2a. What are the advantages of muZCat?
""""""""""""""""""""""""""""""""""""""
-- Small code size (both source and compiled).

-- Uses small data memory (<10000 bytes).

-- Small stack space required (<1000 bytes).

-- No external libraries required. Everything is contained in muzcat.c.

-- Available in multiple programming languages: C, Java, Perl and more.
   (The main file, muzcat.c supports multiple languages via CPP #ifdef's.)

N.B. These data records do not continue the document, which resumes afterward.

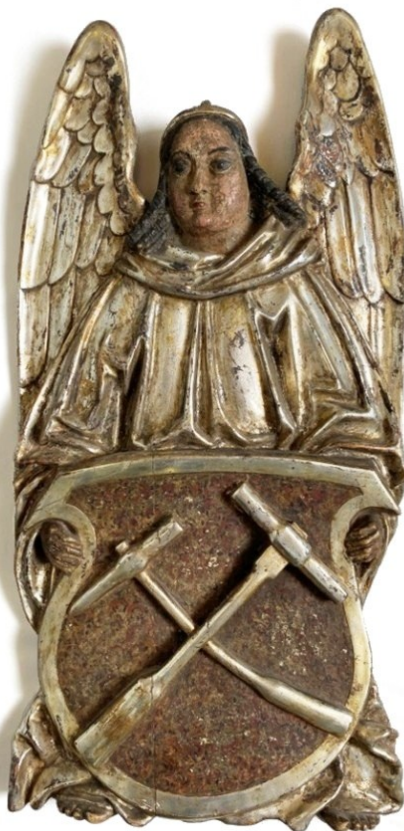
Obrázek 8 – Kaňkovský znak z roku 1545 ze sbírek Českého muzea stříbra v Kutné Hoře (př. č. 432/79).

listu z dílny Valentina Noha. 726 Týž vzhled (ale bez tinktur) má i znak figurující na vstupu do chrámu sv. Barbory, kde se však kladívka nacházejí na štítu jiného tvaru. Znak asociace byl tudíž minimalistický, přičemž odkazoval ke klíčovým pracovním nástrojům havířů, což bylo v prostředí podobných korporací obvyklé.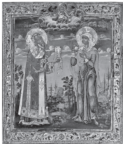
Рис. 7. Святитель Афанасий и мученица Татиана. Калуга, посл. четверть XVIII в. КМИИ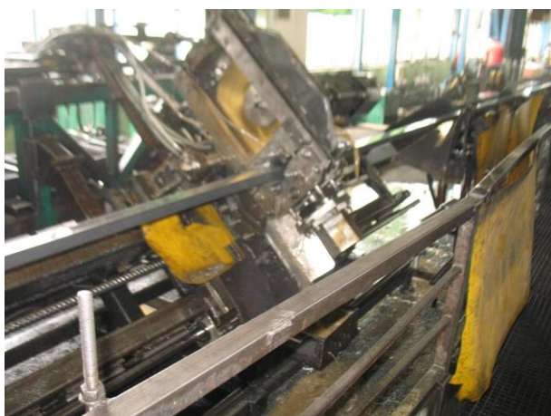
Foto 12 Válcovací linka SP 3 - letmé dělení profilů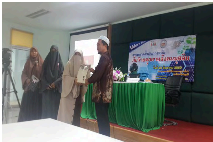
ภาพที่ 8 มอบของที่ระลึกให้ผู้ทรงคุณวุฒิ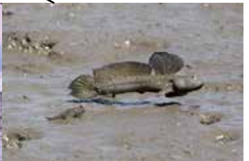
有明海 ムツゴロウ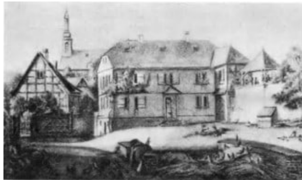
Abb. 2. Lichtenbergs Geburtshaus in Oberramstadt, in dem er die ersten drei Lebensjahre verbrachte

Das Leben der Familie Lichtenberg war durch die deutsche Aufklärung in ihrer Aufgeschlossenheit, Vielseitigkeit und in ihrem geistigen Reichtum, aber auch durch ihre Widersprüchlichkeit geprägt.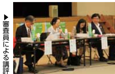
審査員による講評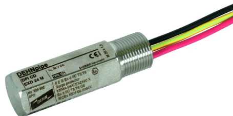
Fotografía no vinculante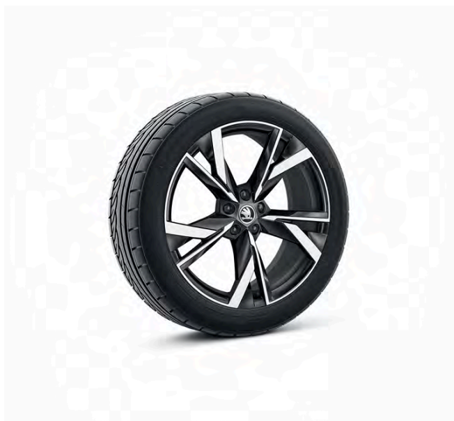
Taurus 20" antracitové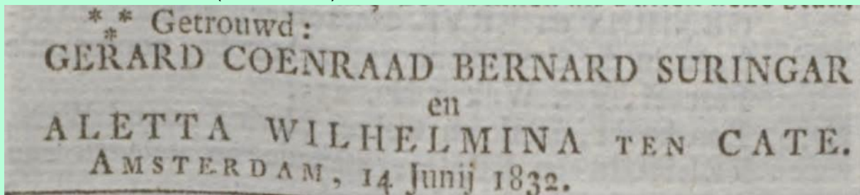
Huwelijksadvertentie (Opregte Haarlemse Courant 16 juni 1832)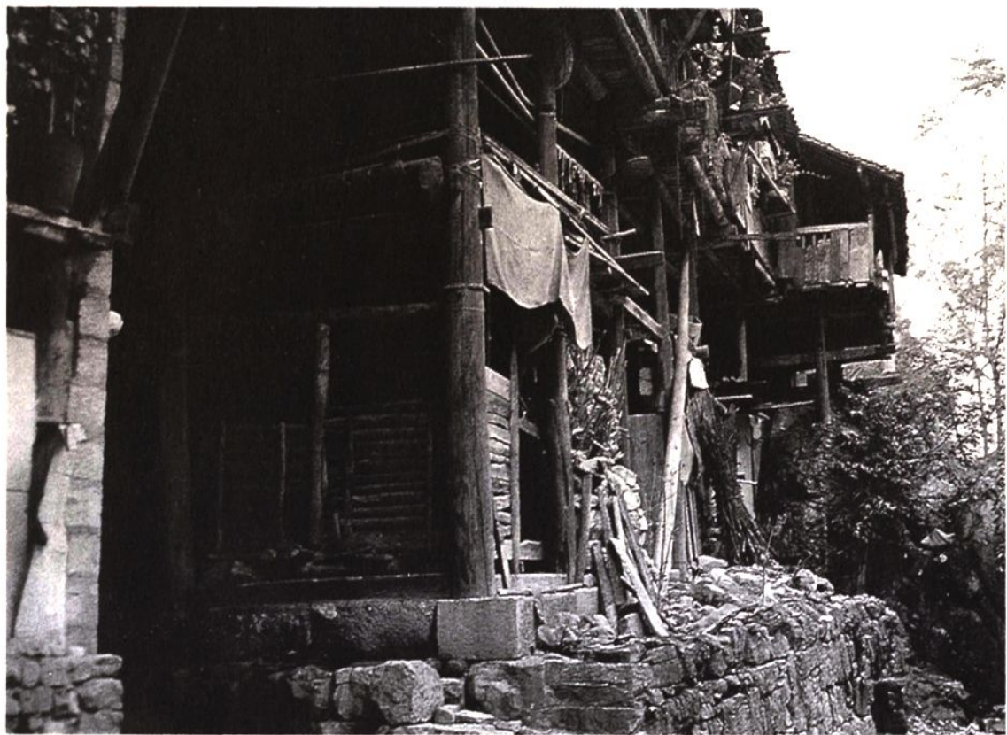
吊脚楼底层是养牲畜和堆放杂物的好地方，这是吊脚楼合理利用空间的绝妙之处

的部落内以血缘和亲缘为纽带的群体关系上升为以地缘为纽带的群体关系，这大大地有利于人种的改良和先进文化的传播。血缘关系——亲缘关系——地缘关系——业缘关系的发展模式是人类社会生产方式和社会形态发展所决定的。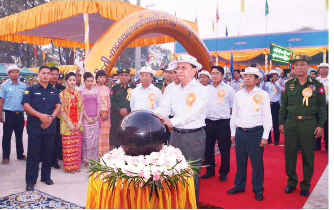
နိုင်ငံတော်သမ္မတ ဦးသိန်းစိန် ကလေးဓာတ်အားခွဲရုံ ကမ္ပည်းကျောက်စာတိုင်အား စက်ခလုတ်နှိပ်ဖွင့်လှစ်ပေးစဉ်။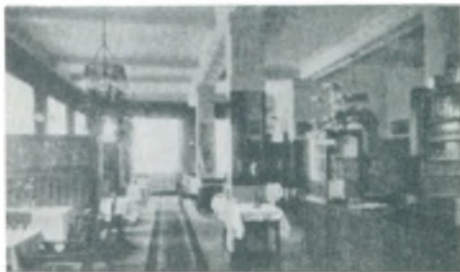
Grand Hotels Spisesal.

Til de smukkeste Punkter i Vejle Fjord fører regelmæssig Baadfart, og Turisterne vil overalt finde gode Hoteller og Restauranter. I selve Byen findes en Række fortrinlige Hoteller, det gamle fine »Royal« ved Siden af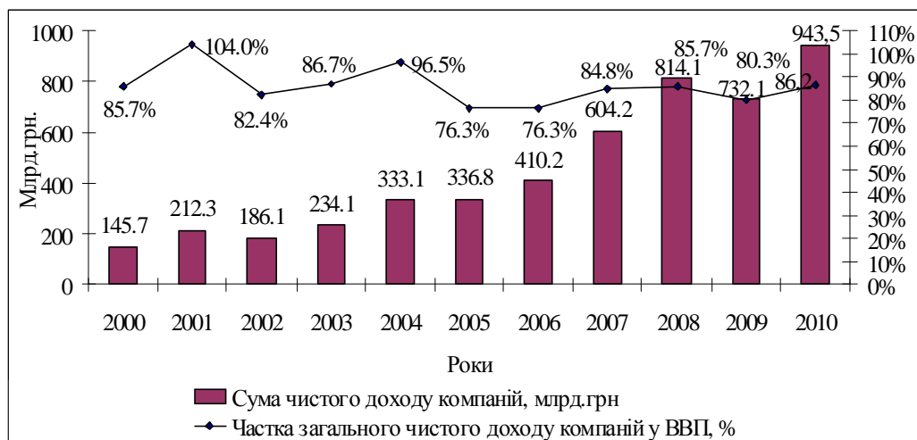
Рис. 1. Обсяг загального чистого доходу ста найбільших компаній України та їхня частка у ВВП країни відповідного року у 2000-2010 рр.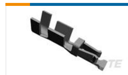
TE 产品编号969047-3 MODU CRIMP CONTACT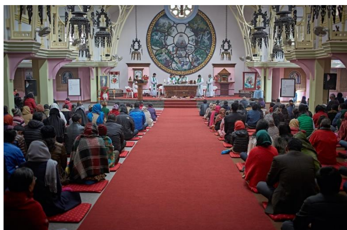
Thánh lễ tại Nhà thờ chính tòa Đức Mẹ Mông Triệu Thăng Thiên, Kathmandu.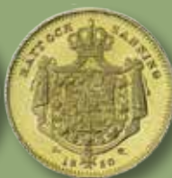
Oskar I (1844-1859). 2 dukater 1850. 330.000 kronor.

Myntauktioner i Sverige AB Banérgatan 17, 115 22 Stockholm • Storgatan 10, 342 60 Moheda E-mail: info@myntauktioner.se • Telefon: 08-410 465 65 www.myntauktioner.se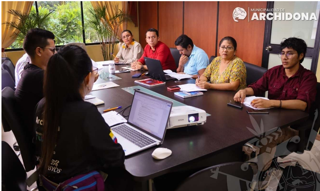
REUNION CON LA FUNDACIÓN JOCOTOCO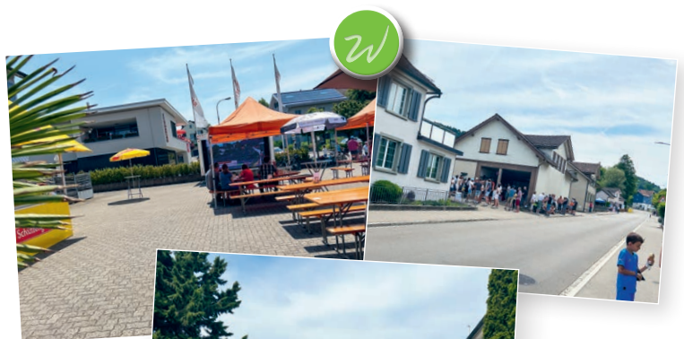
Am vergangenen Sonntag führte das Zeitfahren der Tour de Suisse durch Waldkirch. Herzlichen Dank an alle für die Unterstützung und das Verständnis für die Einschränkungen. Gemeinde Waldkirch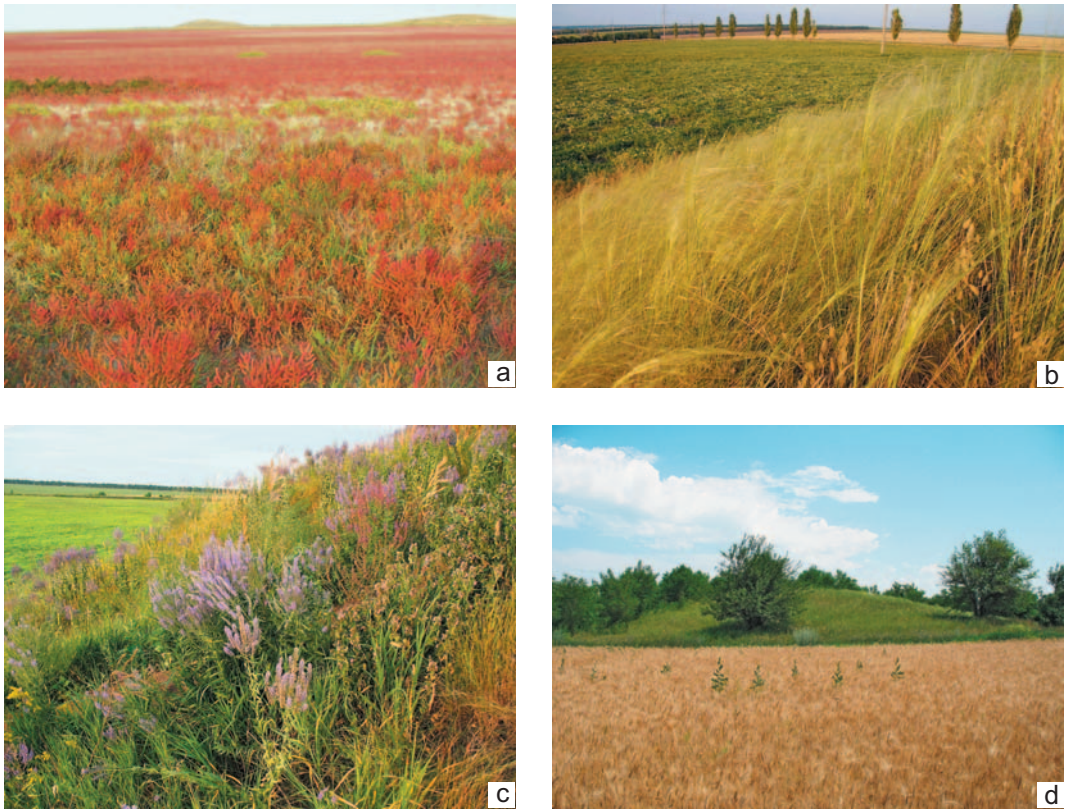
Ryc. 4. Przykłady kurhanów spełniających założone kryteria w krajobrazie: a) stepu piołunowego, b) stepu trawiastego w wariacie uboższym gatunkowo, c) stepu trawiastego w wariacie bogatym gatunkowo, d) w strefie lasostepu.

Fig. 4. Some examples of the kurgans which meet the proposed criteria in each of the climatic-vegetation zones: a) desert steppe zone; b) west Pontic grass steppe zone; c) Pontic herb(-rich) grass steppe zone; d) forest-steppe zone.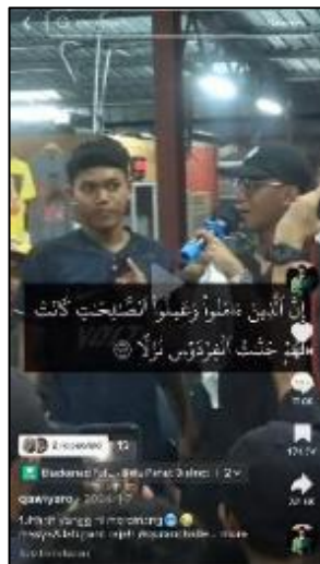
Rajah 1: Pengengaruh Qawiyaro membuat cabaran hafazan al-Quran secara spontan menerusi kempen kelolaannya di TikTok; “Sambung Ayat Quran Dapat RM100.”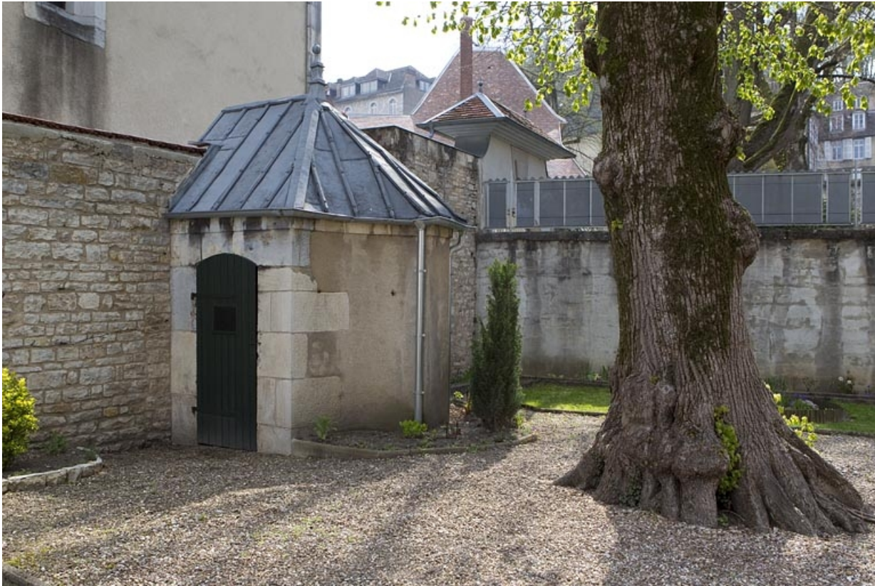
Vue d'ensemble du pavillon de jardin, de trois quarts droit.

25, Besançon, 3, 5 rue de la Convention, lieudit : îlot Boitouset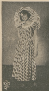
Cztery modele pięknych sukien leńskich perbalikowych, demonstrowanych przez panie z towarzyszytą na Balu Kola Polek w Warszawie.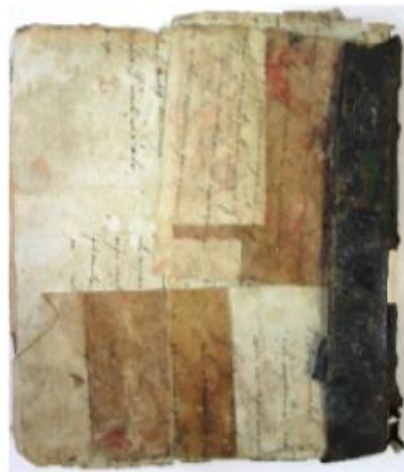
Fig. 2 Din coperta posterioară s-au păstrat doar fragmentele de căptușire a scoarței.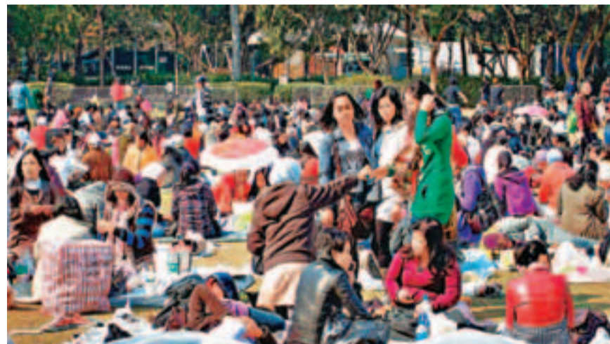
■每逢公眾假期，外傭都會三五成群地聚在一起，陣勢壯觀。資料圖片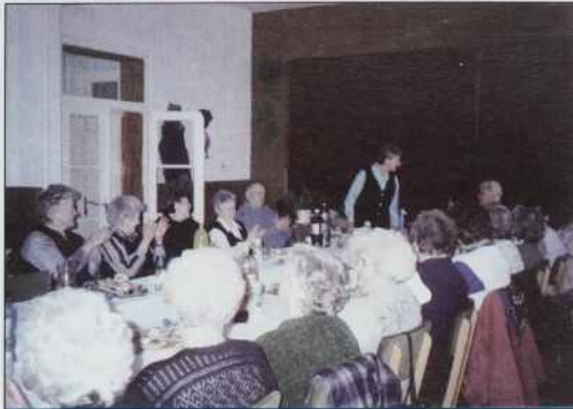
Člani kluba smo radi vküper, ne glede na tau, če smo Slovenci, Nemci ali Madžari

Znano je, ka na Dolenjom Seniki živejo tri narodnosti, Slovenci, Nemci in Madžari. V našom klubu se ne pozna, šteri je Slovenec,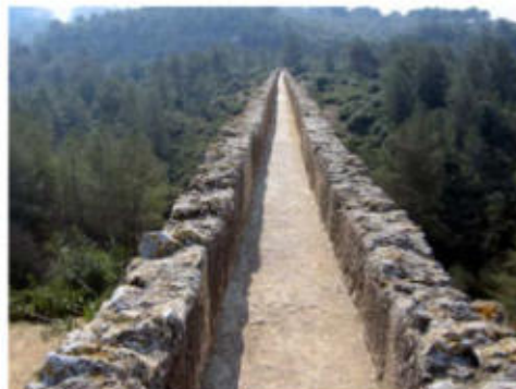
Aqüeducte de les Ferreres o Pont del Diable

a) Dateu l'obra i situeu-la en el context històric i cultural corresponent.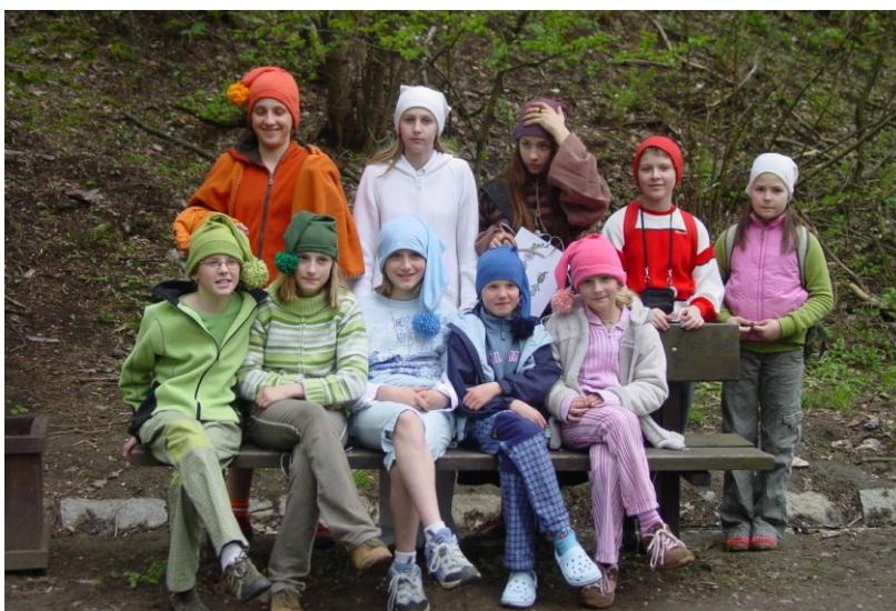
Při podzimní výpravě děti poznávají u skřítků něco dobrého ze sušených plodů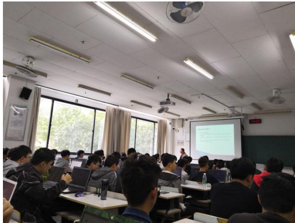
企业项目经理高校授课

在课程教学中，企业嵌入的专业基础与技术理论课程由企业高级工程师独立授课；企业嵌入的实训项目则实施“双师双排”，由企业派出的工程技术人员为主、校方的专业教师为辅的方式开展教学，确保嵌入课程的教学效果，同时在教学开展的过程中，有利于校方教师与企业工程技术人员的深入交流，相互之间取长补短，提升教学技能。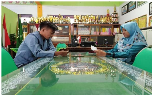
Wawancara dengan Guru Bk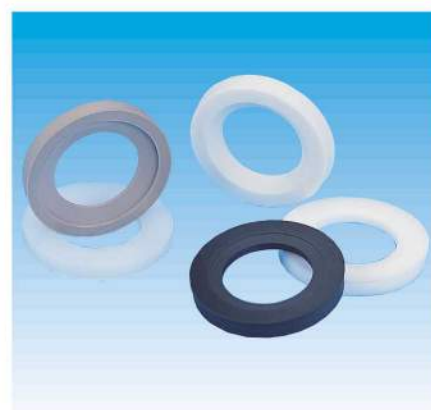
Divers matériaux de sièges Different seats material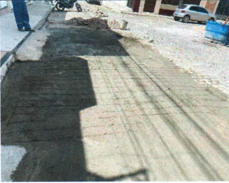
RUA MARCELINO RENATO BISPO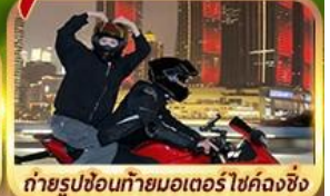
OPTION!! ถ่ายรูปขี่มอเตอร์ไซด์ลงซิ่ง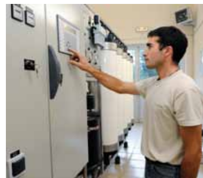
L. Billet - Saint-Amour (39)

-- Uses only system calls getchar() and putchar() (or their equivalents if
   language is not C).

-- Doesn't use pointers.

-- Doesn't use dynamic memory allocation.

-- Operates with numbers 0..65535 or -32768..32767. It is
   signedness-independent.

2b. What are the drawbacks of muZCat?
"""""""""""""""""""""""""""""""""""""
-- It is quite slow, around 7.35 times slower than GNU gunzip. See FAQ
   answer 3 for details.

-- There is no error reporting. The result is undefined on I/O errors.
   (Even an infinite loop and a segfault is possible.)

-- If the input is invalid, the result is undefined.
   (Even an infinite loop and a segfault is possible.)

-- CRC checks are skipped. Files are assumed to be correct and to have
   correct CRCs.

-- Although muZCat can decompress multiple files, file names are not
   preserved. Not even file boundaries are preserved: the output, STDOUT is
   the silent concatenation of the output files. (Improving this
   should be fairly easy, see muzcat.c.)

2c. How is muZCat different from other Flate decompressors?
"""""""""""""""""""""""""""""""""""""""""""""""""""""""""""
Flate decompressors known to the author:

-- gunzip: GNU gunzip: the gunzip(1) utility, `gunzip -c', `gzip -cd', `zcat'.
-- unzip: Info-Zip's unzip: the unzip(1) utility.
-- funzip: Info-Zip's filter unzip: the funzip(1) utility.
-- pkunzip: PkWare's PkUnzip: pkunzip.exe.
-- FlateDecode: PostScript LanguageLevel3 /FlateDecode, in GNU Ghostscript
   (also in PDF)
-- rcm: Ron McFarland's IOCCC entry, rcm.c
-- miniunzip: ZIP uncopressor example program from zlib
-- gzinflate: PHP function gzinflate(), uses zlib
-- gzuncompress: PHP function gzuncompress(), uses zlib
-- muzcat: as obtained from `muzcat' muZCat

Compared features:

-- gz: can decompress gzip .gz files
-- zip1: can decompress the first file of the .zip file
-- zipall: can decompress all files of the .zip file
-- zipname: multiple files decompressed from .zip, with correct file names
-- fe: can decompress ZLIB (PostScript /FlateEncode-d) files
-- concat: can decompress the concatenation of multiple compressed files

Programs and features joined, grouped by program:

-- gunzip: gz, zip1
-- unzip: zip1, zipall, zipname
-- funzip: gz, zip1
-- pkunzip: zip1, zipall, zipname
-- FlateDecode: fe
-- rcm: gz
-- miniunzip: dip1, zipall, zipname
-- gzinflate: gz
-- gzuncompress: fe
-- muzcat: gz, zip1, zipall, fe, concat

3. How slow is muZCat?
""""""""""""""""""""""
Measured on an Intel Celeron 333MHz, with 128MB of memory, STDOUT redirected
to /dev/null, on the file

	linux-2.2.8.tar.gz
	compressed size:   13 808 890 bytes
	uncompressed size: 58 388 480 bytes
        compression ratio: 23.65%

gunzip:         4300 ms user time
muZCat 0.04:   31600 ms user time (  7.350 times slower than gunzip)
muZCat 0.06:   12900 ms user time (  3.000 times slower than gunzip)
statecat.ps: 1774510 ms user time (412.667 times slower than gunzip) (w/debug)
statecat.ps: 1071960 ms user time (249.293 times slower than gunzip)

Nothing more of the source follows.